Where not to eat, and with whom
By Brooklyn Rodgers | February 9, 2026 | 3:40 PM
I’ve been traveling for what feels like a month straight now: Paris with friends, back home in Flower Mound for the annual freeze, and most recently, Indianapolis for work. It’s meant a lot of eating out, and not always at places I would’ve chosen myself, which makes it surprisingly hard to find something interesting to write about.
As I keep eating at restaurants that look the same, taste the same, and aren’t distinguishable in any meaningful way- food, service, drinks, aesthetics, the whole thing- I’ve been thinking a lot about the Sysco monopoly. I figure these are the meals most people have most of the time. I feel lucky to have had some truly fantastic meals in my life, even if they’ve been few and far between.

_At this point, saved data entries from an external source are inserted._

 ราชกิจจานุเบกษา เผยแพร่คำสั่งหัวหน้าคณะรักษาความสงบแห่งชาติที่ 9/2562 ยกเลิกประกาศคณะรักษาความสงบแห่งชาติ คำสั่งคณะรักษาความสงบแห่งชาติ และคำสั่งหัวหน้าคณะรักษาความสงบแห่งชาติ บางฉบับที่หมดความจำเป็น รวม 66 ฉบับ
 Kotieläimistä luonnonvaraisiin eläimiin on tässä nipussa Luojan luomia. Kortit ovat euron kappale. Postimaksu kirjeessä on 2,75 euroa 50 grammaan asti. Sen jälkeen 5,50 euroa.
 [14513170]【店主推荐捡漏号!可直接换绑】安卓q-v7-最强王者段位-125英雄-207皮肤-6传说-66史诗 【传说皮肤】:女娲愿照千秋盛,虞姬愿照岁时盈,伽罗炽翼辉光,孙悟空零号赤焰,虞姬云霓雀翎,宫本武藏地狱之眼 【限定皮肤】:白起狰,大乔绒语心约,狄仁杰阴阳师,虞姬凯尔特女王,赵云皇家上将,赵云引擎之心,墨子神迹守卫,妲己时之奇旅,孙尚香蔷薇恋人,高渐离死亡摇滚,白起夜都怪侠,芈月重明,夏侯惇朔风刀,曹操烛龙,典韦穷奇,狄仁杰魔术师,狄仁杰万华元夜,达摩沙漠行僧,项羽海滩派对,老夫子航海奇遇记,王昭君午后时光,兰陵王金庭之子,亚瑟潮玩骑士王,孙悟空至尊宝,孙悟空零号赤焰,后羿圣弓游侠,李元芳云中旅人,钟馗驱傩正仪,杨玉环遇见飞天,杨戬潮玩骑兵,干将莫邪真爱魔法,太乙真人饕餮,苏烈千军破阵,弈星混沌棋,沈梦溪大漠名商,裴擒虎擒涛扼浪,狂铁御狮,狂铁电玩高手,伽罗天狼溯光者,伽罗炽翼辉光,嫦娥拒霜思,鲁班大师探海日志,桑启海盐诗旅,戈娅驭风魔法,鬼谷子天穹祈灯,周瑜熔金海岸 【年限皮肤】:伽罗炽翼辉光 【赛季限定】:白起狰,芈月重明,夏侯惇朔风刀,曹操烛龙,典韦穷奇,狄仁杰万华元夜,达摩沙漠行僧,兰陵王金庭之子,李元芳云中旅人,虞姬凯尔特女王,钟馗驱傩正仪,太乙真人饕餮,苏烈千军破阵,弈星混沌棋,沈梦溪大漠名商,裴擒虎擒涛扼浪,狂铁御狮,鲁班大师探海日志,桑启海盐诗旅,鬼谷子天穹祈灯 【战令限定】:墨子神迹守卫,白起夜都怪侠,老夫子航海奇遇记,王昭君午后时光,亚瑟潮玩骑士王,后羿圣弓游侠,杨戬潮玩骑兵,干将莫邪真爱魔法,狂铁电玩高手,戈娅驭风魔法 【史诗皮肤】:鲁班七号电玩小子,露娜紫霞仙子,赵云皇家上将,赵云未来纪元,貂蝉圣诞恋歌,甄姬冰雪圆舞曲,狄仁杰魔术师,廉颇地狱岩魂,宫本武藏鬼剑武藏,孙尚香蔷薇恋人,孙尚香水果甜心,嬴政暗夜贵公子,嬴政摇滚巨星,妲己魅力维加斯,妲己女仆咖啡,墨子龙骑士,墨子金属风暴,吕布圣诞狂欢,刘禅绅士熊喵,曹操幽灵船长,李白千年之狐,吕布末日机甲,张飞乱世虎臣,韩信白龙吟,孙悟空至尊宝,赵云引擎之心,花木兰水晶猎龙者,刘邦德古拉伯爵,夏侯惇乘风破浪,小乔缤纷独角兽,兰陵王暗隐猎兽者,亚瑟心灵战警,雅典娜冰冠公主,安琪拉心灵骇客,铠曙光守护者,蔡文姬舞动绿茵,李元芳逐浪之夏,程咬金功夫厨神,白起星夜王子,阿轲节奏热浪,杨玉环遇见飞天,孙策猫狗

I haven’t minded the meals I’ve eaten over the past few weeks all that much, mostly because they’ve been in good company. I think the primary function of food is to bring people together. Everything else: technique, execution, service- is a bonus. That kind of flair is largely reserved for a small group of people who can afford to experience it regularly.

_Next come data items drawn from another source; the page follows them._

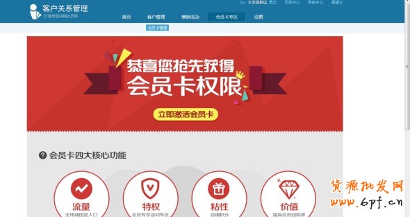 若您的店鋪已達到4鉆、且已設置會員等級,恭喜你獲得會員卡權限,點擊”立即激活活動會員卡“:
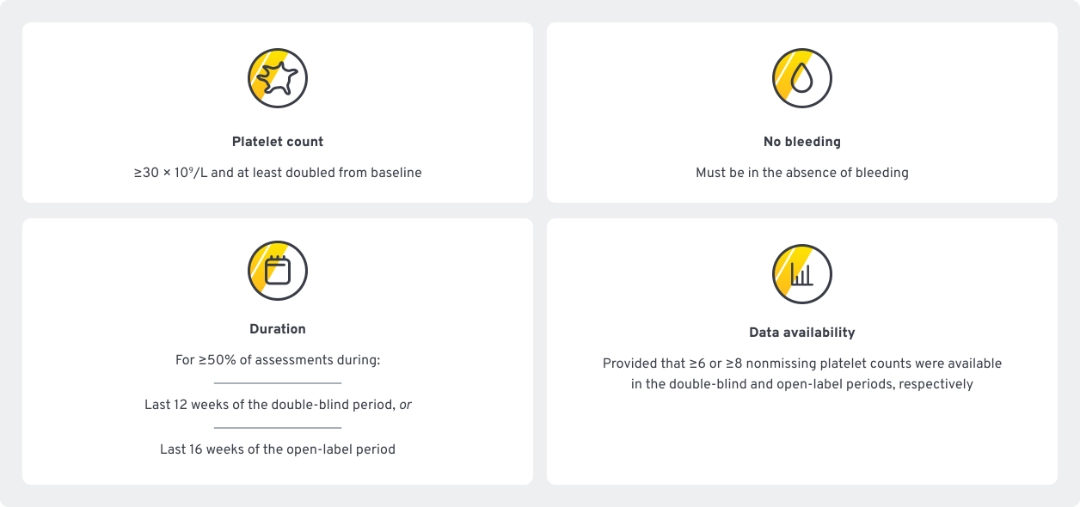 Durable platelet response: A platelet count of >50x109/L for >5 of at least 8 non-missing weekly measurements during the last 12 weeks of the double blind period, including >2 such responses in the last 6 weeks without rescue therapy.1,2
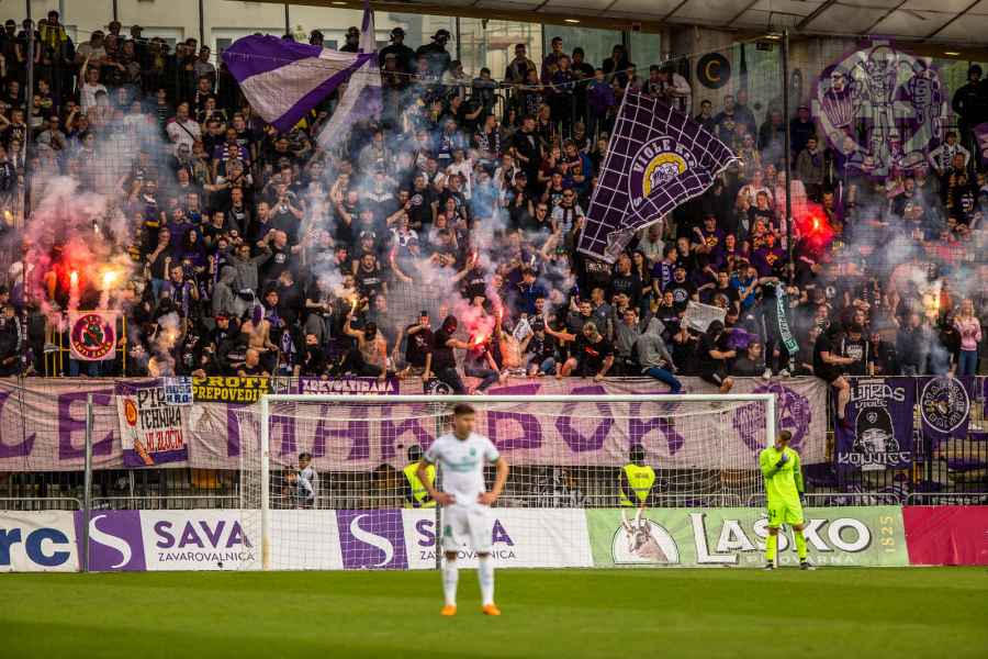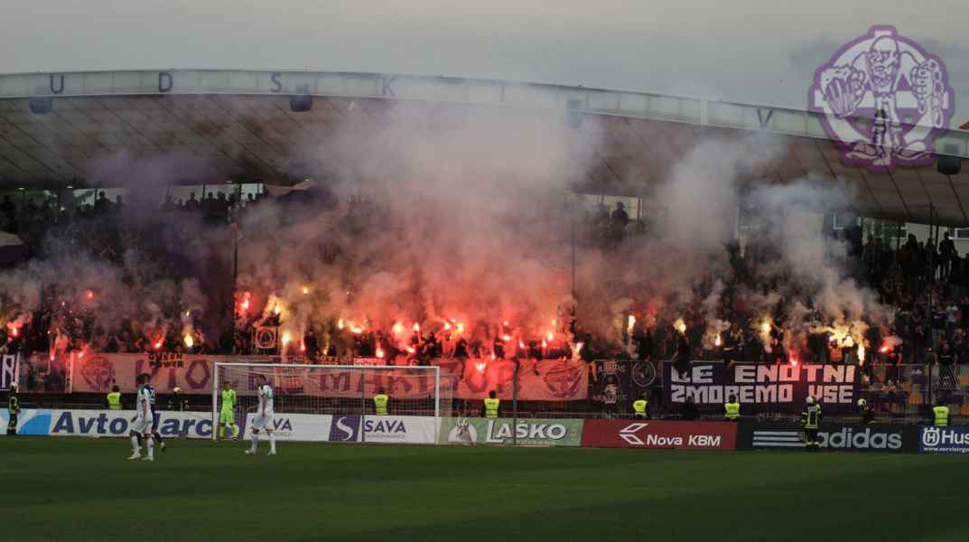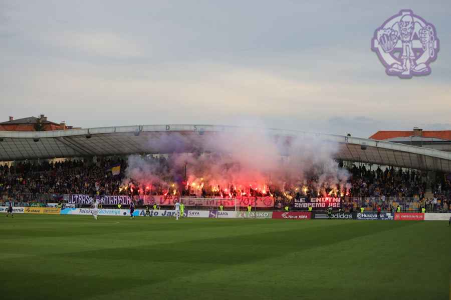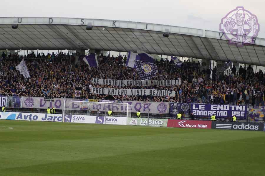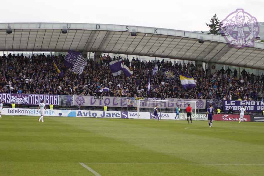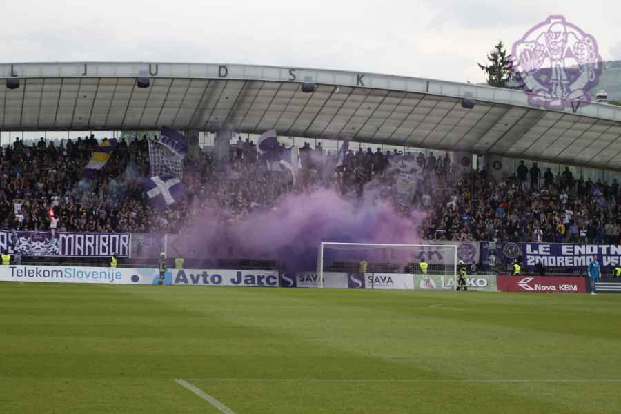 Dobro oddelan derbi iz naše strani, je na žalost pokvarila predstava naših pubecov na terenu, ki bi si lahko z zmago zagotovili že 15. naslov državnih prvakov in tako vse skupaj prestavili še za krog ali dva. Solidno število Viol na zboru, je napovedovalo dober korteo proti stadionu, kar se je tudi uresničilo. Transparent ULTRAS MARIBOR v prvi vrsti, glasna pesem in ogromno prižgane pirotehnike, je dodatno ogrelo še ostale navijače Maribora na južni ploščadi, ko so Viole prišle do stadiona. Glasno navijanje od 1. minute igre ni pojenjalo niti pri vseh treh žabarskih zadetkih. Okoli 15. minute se dvigne koreografija (za katero ponovno gredo pohvale vsem, ki so pomagali pri njenem nastajanju) posvečena 100. letnici nogometa v Mariboru in 1 SSK Maribor, predhodniku NK Branik. Pred jugom je bil dvignjen grb kluba, na tribuni pa izpisana letnica 1919, ki se zaradi nekoliko slabše razporeditve ljudi na jugu ni izpisala najboljše. Udarno mesto na ograji je tokrat spet imel stari beli transparent VIOLE MARIBOR, okoli njega pa ostali večji in manjši. Izobešena je bila tudi fotografija žabarov iz lanskega derbija z prižgano vijol'čno dimno. V prvem polčasu protestno, zaradi dogajanja na terenu iz juga poleti tudi nekaj bakelj in prižge se nekaj vijol'čnih dimnih. V drugem polčasu se navijanje nadaljuje v istem ritmu kot v prvem. Tekom drugega polčasa je dvignjenih nekaj parol namenjenim gostom iz severa (ŠE OBSTAJA GRUPA V SLOVENIJI, PRED KATERO NISTE BEŽALI?, ZA TRIPADVISOR IN VIOLE, JE LJUBLJANA NA 1. MESTU ZA IZLETE IN SPREHODE, zraven pa 5 fotografij Viol v LJ iz zadnjih derbijev in ZELENI Z(M)AJČKI). V 60. minuti sledi konkretni pyroshow, med katerim večina bakelj konča na terenu. Pred koncem tekme sta dvignjeni še paroli DRŽI SE ZORAN in CHRIS KEEP RIGHT ON!. Zadnjih 10. minut tekme se poje pesem V ZMAGI AL PORAZU, pri pozdravu igralcev po koncu tekme se prižge že nekaj pirotehnike in tribuna jug s svojo energijo, pubecom na terenu "vlije" novih moči (za razliko od nekaterih na ostalih tribunah). Po kakšnih 10. minutah navijanja po tekmi, se igralci vrnejo iz slačilnice in še enkrat pozdravijo Viole, sledi glasno skandiranje ŠAMPIONI in nekaj pozdravov gostom iz Lj. Prvenstvo se nadaljuje v sredo 15.5. ob 20:15, ko gostujemo v Celju.

After all, I wouldn’t treasure some of the best meals of my life, even the ones that were technically “perfect,” if it weren’t for the people I shared them with: birthdays at Emmer and Rye in Austin and Las Palmas in Dallas, holidays at my sister’s restaurant Bistecca, special occasions at Uchi and Shoyo.
I took a solo trip to Italy in 2023 and ate incredible Italian food in some of the most scenic places on earth. One meal I think about often is a saffron risotto I had with a beer, watching sailboats drift across Lake Como. What I remember most, though, is texting my friends and family back home to tell them how much I missed them, and how much I wished they could taste the risotto with me.

Loneliness is a feature, not a bug. Companionship multiplies a dining experience and turns it into a shared memory. That’s also why service matters so much, especially in scored evaluations like Michelin stars.
While Michelin’s official criteria isn’t public, we know restaurants without tasting menus are rarely awarded honors. A tasting menu creates ritual and structure; it forges a connection between you and the place serving you. It requires servers to return more often than strictly necessary, invites conversation around each course, and, ultimately, prompts connection.
I’m back in Dallas now for a little while, and I’m looking forward to meals at restaurants I choose, hopefully with people I enjoy. I don’t have much to say about the countless Sysco-based, mass-appeal, non-special dishes I ate over the past few weeks, but I’ve included the pictures so it can feel like we shared them together. Cheers.